Een pandrecht is vergelijkbaar met een hypotheek(recht). Het verschil is dat het bij een hypotheekrecht over onroerende goederen gaat (bijvoorbeeld grond met woonhuis) waar een pandrecht niet op onroerende goederen gevestigd kan worden. Het pandrecht heeft dus niets te maken met een pand (een gebouw), maar met verpanding. Pandrecht kan op verschillende zaken rusten. Je kunt bijvoorbeeld pandrecht vestigen op vervoersmiddelen, inventaris, voorraad, debiteuren maar ook op aandelen.
Het doel van het vestigen van een pandrecht is de zekerheid dat een vordering wordt voldaan, ook bij een eventueel faillissement van de schuldenaar. Daarom vestigt een bank bij het verstrekken van een (werkkapitaal)financiering in de regel pandrechten (op inventaris, voorraad en debiteuren).
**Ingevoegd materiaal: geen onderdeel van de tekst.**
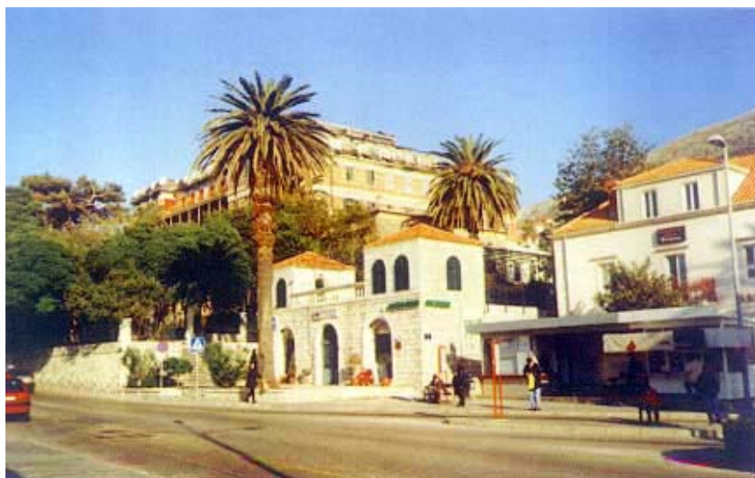
Hotel Imperial snimljen s Pila prije početka obnove

Izvorno je hotel imao samo dva kata, ali jedan mu je kat nadograđen u tridesetim godinama prošlog stoljeća. U velikoj rekonstrukciji 1987. nadodana su mu dva kata u novoj krovnoj konstrukciji koja je kao kapa smještena na vrh zgrade, a to je rješenje još u vrijeme izgradnje bilo i hvaljeno i osporavano. U blizini je u prvim desetljećima dvadesetog stoljeća izgrađena vila obitelji Kostadinović , u kojoj je poslije bila smještena kockarnica, inače prva na prostorima nekadašnje Jugoslavije. Ta je vila

Je kunt binnen jouw structuur ook pandrechten vestigen voor vorderingen die je hebt. Wanneer jouw holding bijvoorbeeld een vordering heeft op de werkmaatschappij kun je hiervoor pandrechten bedingen als zekerheid. Wanneer de werkmaatschappij dan failliet gaat, kan de holding haar vordering verhalen onder het pandrecht (nog voor de belastingdienst, curator en het UWV). Het vestigen van pandrecht dient alsdan wel op de juiste wijze te hebben plaatsgevonden.